» **RECORDED DATA**

^^^^^^^^^^^^^^^^

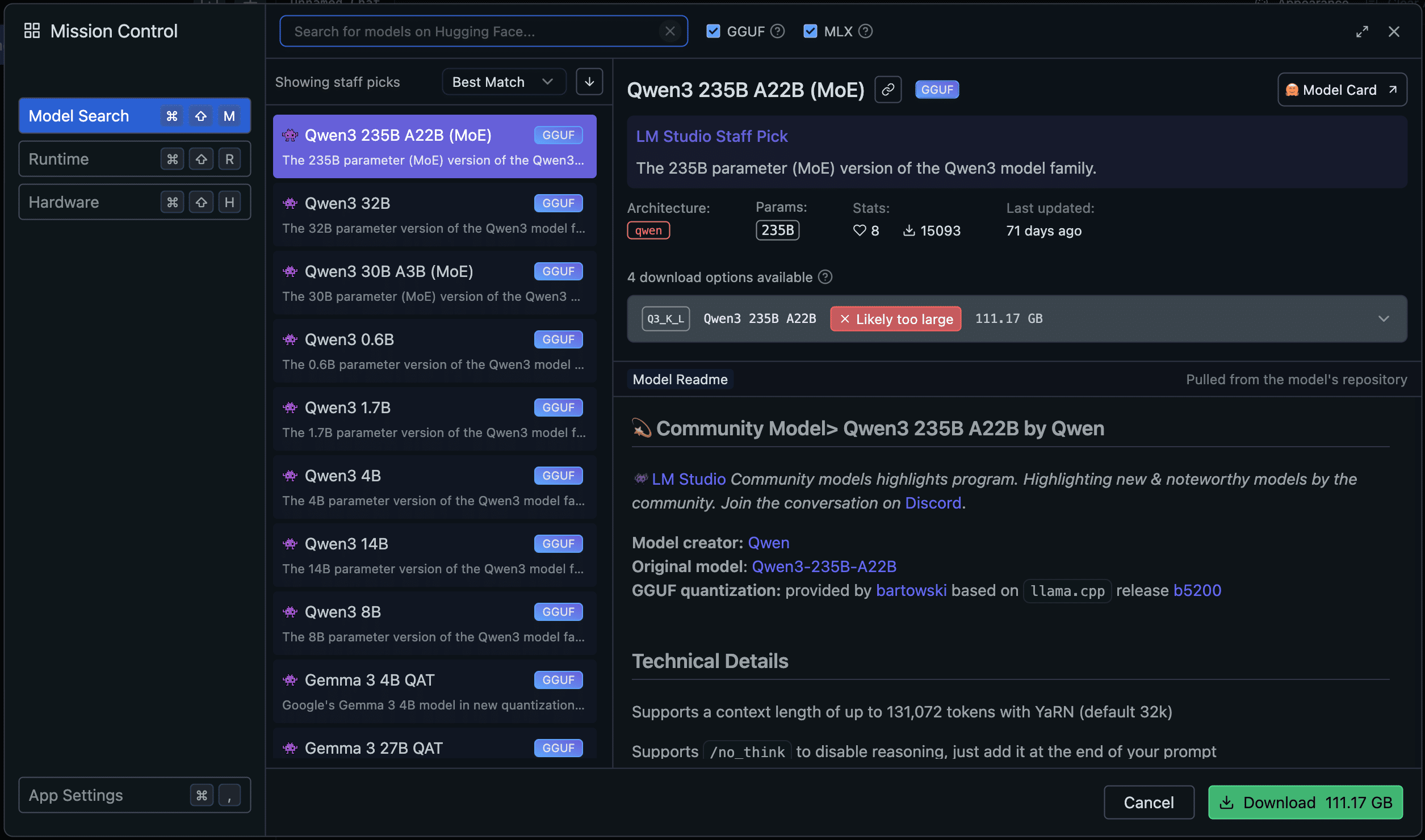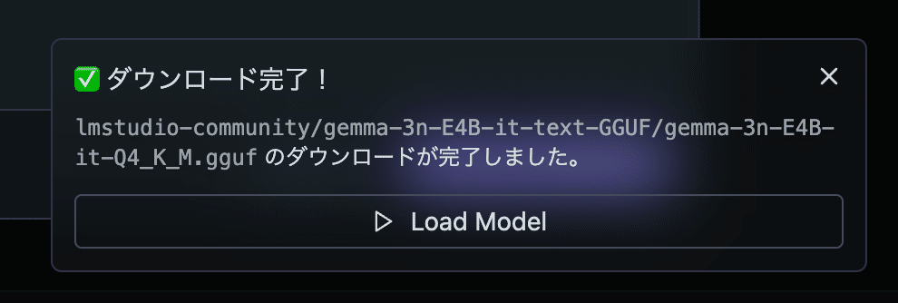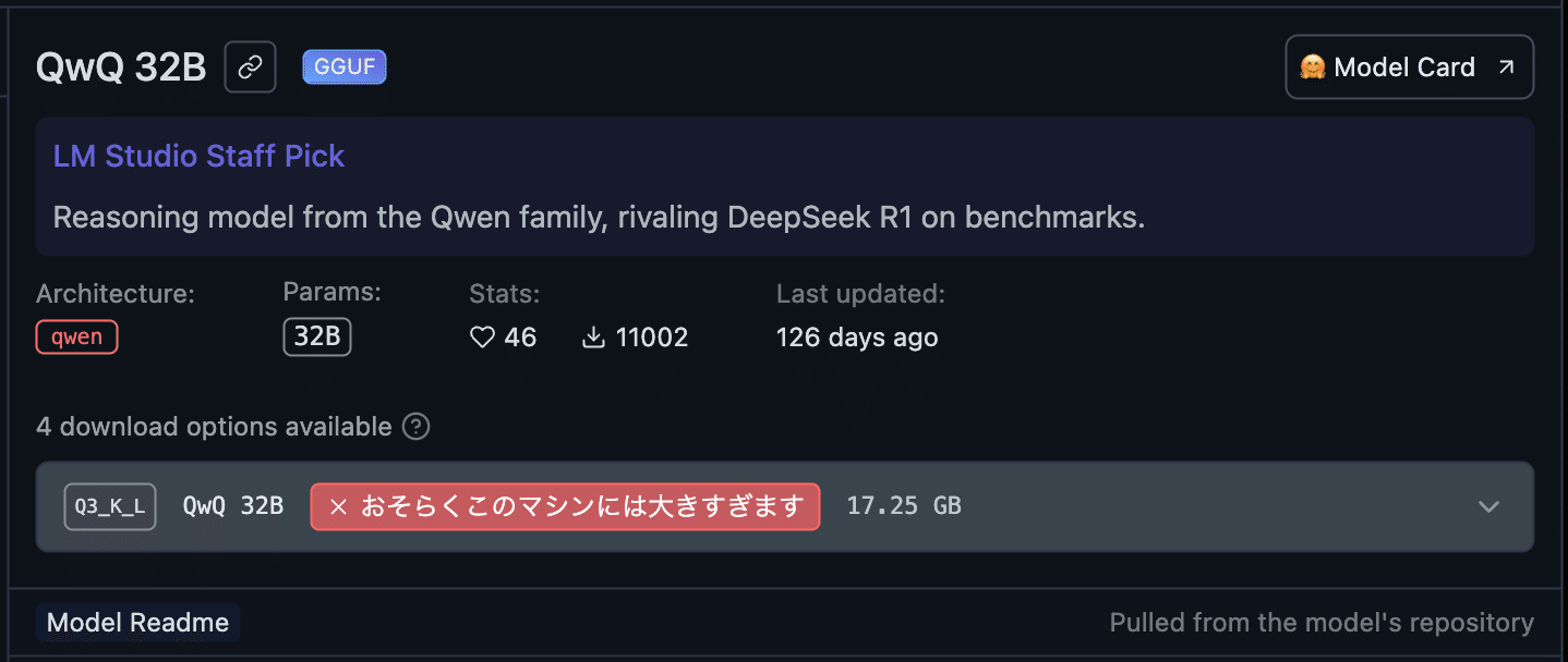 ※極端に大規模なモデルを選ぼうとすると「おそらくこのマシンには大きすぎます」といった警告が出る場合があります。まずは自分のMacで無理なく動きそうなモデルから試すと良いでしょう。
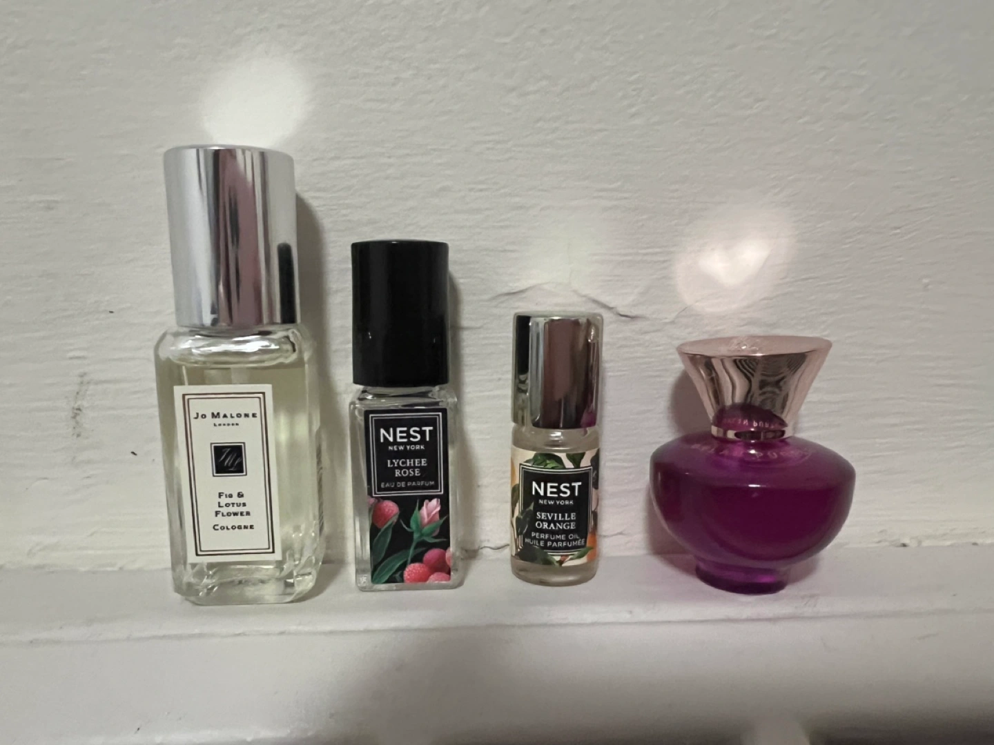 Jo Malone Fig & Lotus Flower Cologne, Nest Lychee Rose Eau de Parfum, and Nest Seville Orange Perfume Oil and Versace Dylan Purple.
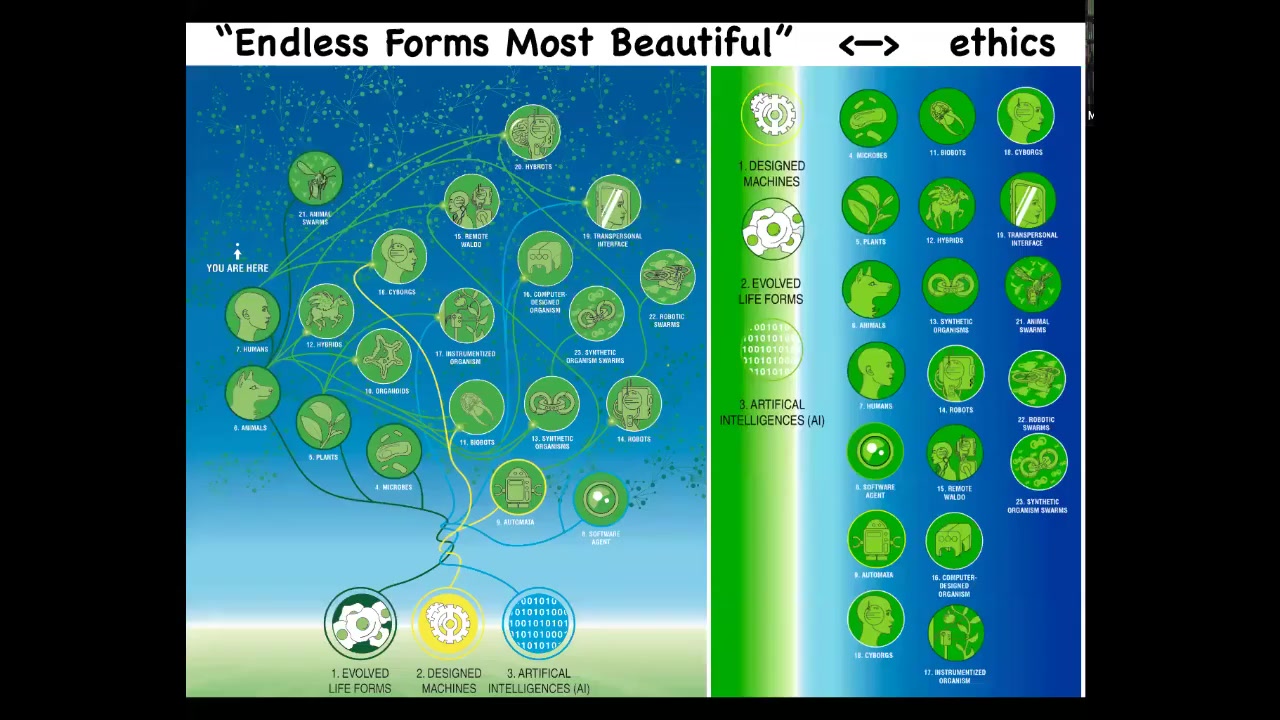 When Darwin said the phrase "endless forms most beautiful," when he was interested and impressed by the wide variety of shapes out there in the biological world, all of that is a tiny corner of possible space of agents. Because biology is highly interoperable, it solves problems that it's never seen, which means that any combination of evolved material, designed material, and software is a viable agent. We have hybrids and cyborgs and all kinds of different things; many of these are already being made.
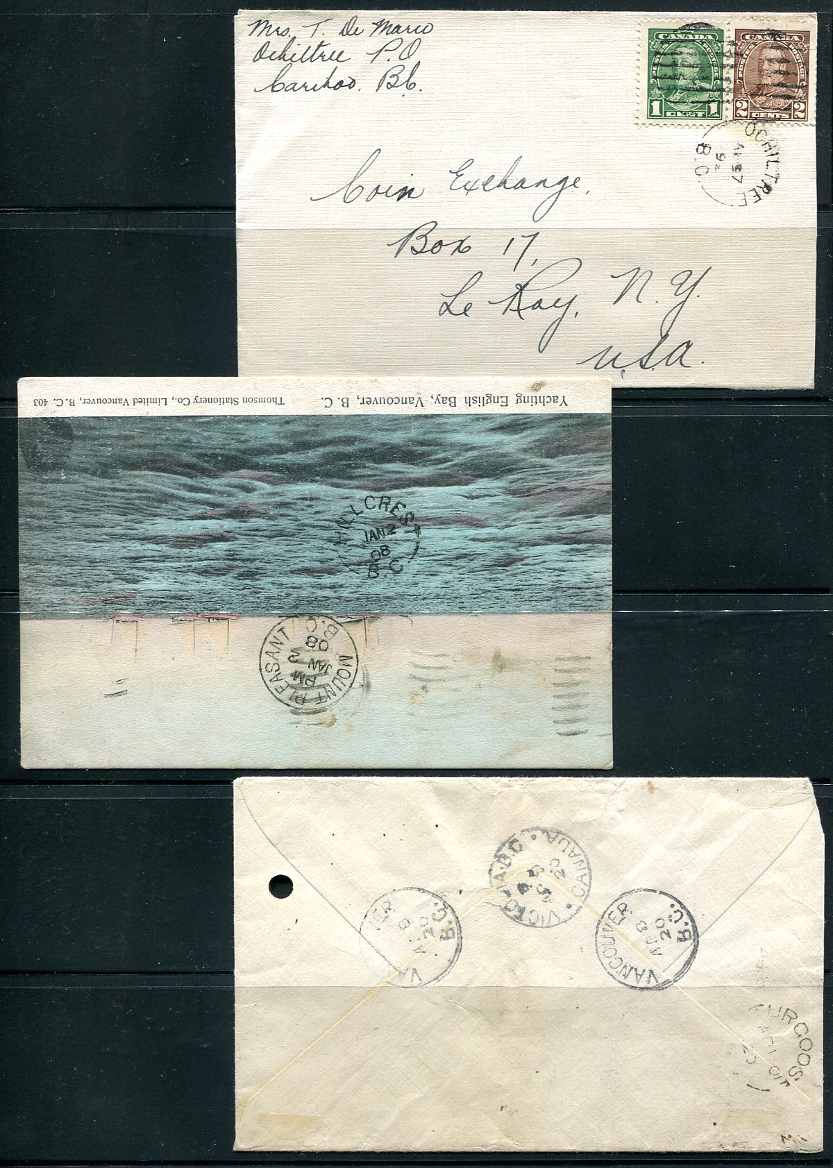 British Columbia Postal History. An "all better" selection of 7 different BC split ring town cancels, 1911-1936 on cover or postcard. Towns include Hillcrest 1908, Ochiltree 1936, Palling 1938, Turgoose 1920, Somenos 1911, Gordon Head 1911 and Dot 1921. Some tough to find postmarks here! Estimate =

^^^^^^^^^^^^^^^^

» **TASK DIRECTIONS**
The full text of the data above, exact and without pictures, is what to return.

» **OUTPUT BELOW**
 ※極端に大規模なモデルを選ぼうとすると「おそらくこのマシンには大きすぎます」といった警告が出る場合があります。まずは自分のMacで無理なく動きそうなモデルから試すと良いでしょう。
 Jo Malone Fig & Lotus Flower Cologne, Nest Lychee Rose Eau de Parfum, and Nest Seville Orange Perfume Oil and Versace Dylan Purple.
 When Darwin said the phrase "endless forms most beautiful," when he was interested and impressed by the wide variety of shapes out there in the biological world, all of that is a tiny corner of possible space of agents. Because biology is highly interoperable, it solves problems that it's never seen, which means that any combination of evolved material, designed material, and software is a viable agent. We have hybrids and cyborgs and all kinds of different things; many of these are already being made.
 British Columbia Postal History. An "all better" selection of 7 different BC split ring town cancels, 1911-1936 on cover or postcard. Towns include Hillcrest 1908, Ochiltree 1936, Palling 1938, Turgoose 1920, Somenos 1911, Gordon Head 1911 and Dot 1921. Some tough to find postmarks here! Estimate =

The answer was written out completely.